In 2008, the company saw a before tax profit of $282 million. This increased steadily, reaching $350 million in 2009, $372 million in 2010, $402 million in 2011 and a record $476 million last year, he said.

Ramlogan said the tobacco industry was “very clever” and had become involved in every aspect of life, sport and culture.

It has a long history in T&T of association with such iconic cultural and sporting events like Great Race, once called the “DuMaurier Great Race” and the WITCO-sponsored Desperados, which has since dropped the name “WITCO” from its title, he said.

These changes occurred following lobbying by the Trinidad and Tobago Cancer Society, which led to WITCO being forbidden from the open use of its name in events that it sponsors, he added.

The TTSC deserves the country’s praise, as does its chairman, Dr George Laquis, Ramlogan said.

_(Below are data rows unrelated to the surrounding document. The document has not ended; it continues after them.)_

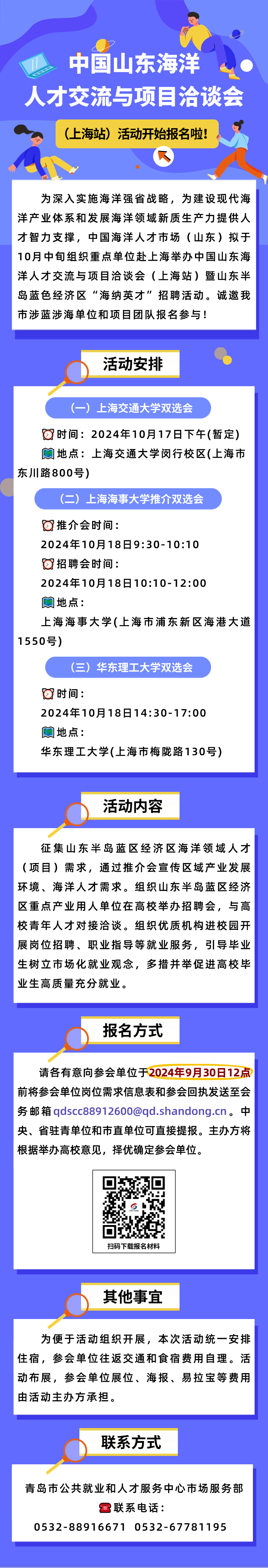 中國山東海洋人才交流與項目洽談會(上海站)活動開始報名啦!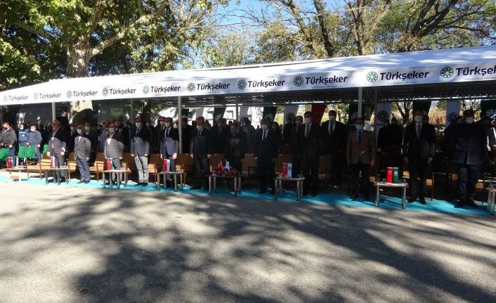 Düzenlenen programa Uşak Valisi Funda Kocabıyık, Uşak Adalet ve Kalkınma Partisi ( AK Parti) Milletvekili Mehmet Altay, Uşak Belediye Başkanı Mehmet Çakın, Uşak İl Jandarma Komutanı Albay Murat Kılıç, Uşak İl Emniyet Müdürü Mesut Gezer, Fabrika Genel Müdür Yardımcısı Ayhan Tanrıverdi, Şeker İş Şube Başkanı Yaşar Taylan, Fabrika Müdürü Mehmet Zararsız, il müdürleri ve fabrika yetkilileri katıldı. 1 dakikalık saygı duruşu ve İstiklal Marşı’nın okunmayasıyla başlayan programda konuşan Nuri Şeker Fabrikası Müdürü Mehmet Zararsız, 54 köyde 901 çiftçi ailesiyle 168 bin ton üretim kotası sözleşmesi yaptıklarını belirtirken 3 mart 2021 tarihinde başlanılan pancar ekimlerinin 21 bin 600 dekar alanda yapıldığı ve 18 mayıs 2021 tarihinde tamamlandığını belirtti. Çiftçilere bu zamana kadar 11 Milyon TL avans ödemesi yaptıklarını da belirten Zararsız, ödemelerin devam edeceğinin de altını çizdi. Sözlerine devam eden Zararsız, “Fabrikamız pancar işlemesine 8 Ekim tarihinde başlayacak olup, 24 saatte 3 vardiya ortalama bin 800 ton pancar işlenecek ve kampanyamız yaklaşık olarak 64 gün devam edecektir. Bu kampanya döneminde 115 bin ton civarında pancar işlenecek 15 bin ton kristal şeker ile yan ürün olarak maya ve yem sanayisi için önemli olan 5 bin ton melas, yöremiz hayvan beslenmesinde önemli yer tutan 32 bin ton yaş pancar posası üretiminin gerçekleştirilmesi hedeflenmektedir” şeklinde konuştu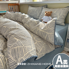 A类床上四件套纯棉2025新款全棉双层纱被套罩学生宿舍床单三件套4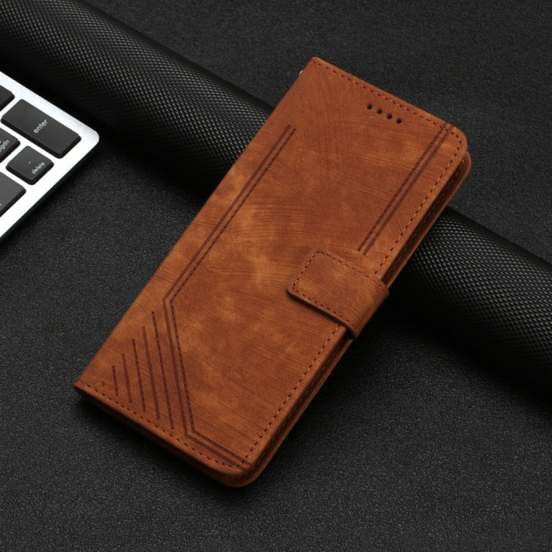 Étui portefeuille élégant pour Honor X6c 4G en cuir PU premium avec lignes imprimées. Doté de 3 emplacements pour cartes, d'une fonction support pratique et d'une fermeture magnétique sécurisée. Protection complète avec dragonne amovible incluse.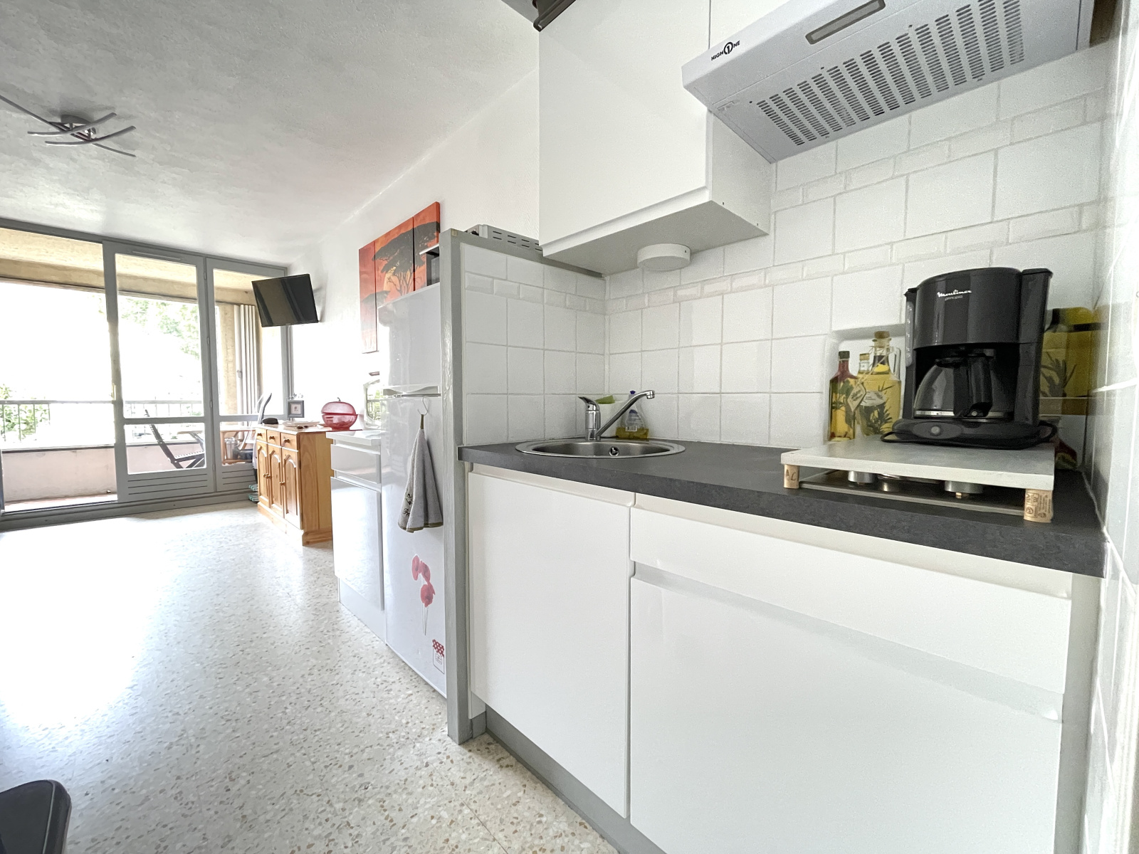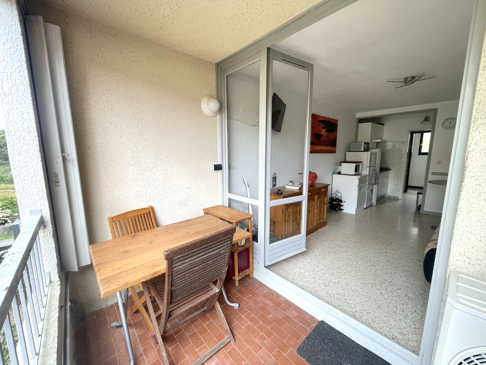 Il se compose d’une entrée avec rangements, d’une salle d’eau moderne et d’une grande pièce de vie lumineuse donnant sur une terrasse exposée sud-ouest.

“We have to balance the rights of the citizens and young people against the rights of the tobacco manufacturer, whose sole aim must be to maximise profits,” Ramlogan said, adding that Government is also obligated to international treaties on tobacco control.

Ramlogan said all data coming from countries that have implemented regulations similar to those intended by the Government have shown massive declines in new smokers.

Among those raising concerns about the effectiveness of the regulations being proposed were Independent senators Dr Victor Wheeler and Subhas Ramkhelawan.